Aujourd’hui Nicolas Sarkozy continue à penser qu’il peut utiliser ces vieilles peurs, cette peur de nous mêmes et de l’autre. Insidieusement il laisse aussi penser que la démocratie n’est pas pour tout le monde. Voire pour personne si on en croit l’état des libertés en France.

Ce qui se passe dans les pays arabes n’a pas de précédent, d’équivalent historique. Pour comprendre et expliquer il faudrait accepter de revenir plus profondément sur l’histoire des pays concernés, ne pas oublier combien dans les années 1970 ils ont été à la pointe du combat du Tiers monde pour ensuite se refermer dans des dictatures où la consommation et le règne de l’argent ont été utilisés en même temps que des mesures sécuritaires pour supprimer tout débat public. Il nous faut aussi nous repencher sur le rôle des exilés, des diasporas, de tous ceux qui sont partis parce qu’ils ne supportaient plus la chape de plomb de ces dictatures. Comment les liens entre ces diasporas et leur société d’origine vont-ils se réorganiser ? Car ces diasporas ont toujours préservé leur double appartenance : arabe et européenne, arabe et française dans de nombreux cas.

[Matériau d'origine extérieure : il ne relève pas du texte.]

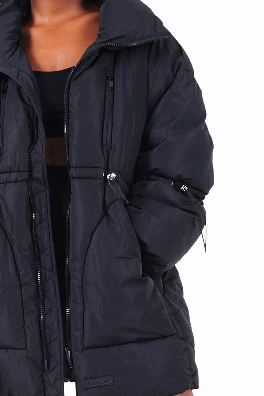 Effet matelassé, col montant et haut, élastique de serrage à la taille et au niveau des avant-bras, élastique aux poignets, fermeture centrale à zip. Deux poches latérales au niveau de la taille, deux poches latérales au niveau de la poitrine avec fermeture à zip, logo sur patch en caoutchouc à la base.

Ce que ne comprend pas Nicolas Sarkozy c’est qu’aujourd’hui être tunisien, égyptien,  arabe en France c’est ressentir une grande fierté. Tirons les leçons de ce printemps arabe, sachons dire non à tout ce qui affaiblit notre démocratie au quotidien : les circulaires incitant à la délation des sans papiers à pôle emploi,  les reconduites à la frontière abusives, et de manière générale toutes ces lâchetés qu’on nous présente comme inévitables car il faut éviter que les idées du Front national ne progressent. Je n’ai pas peur du Front national, la France vaut mieux que ceux qui la gouvernent aujourd’hui au rythme des petites peurs, de leurs mesquineries et de leur corporatisme d’argent.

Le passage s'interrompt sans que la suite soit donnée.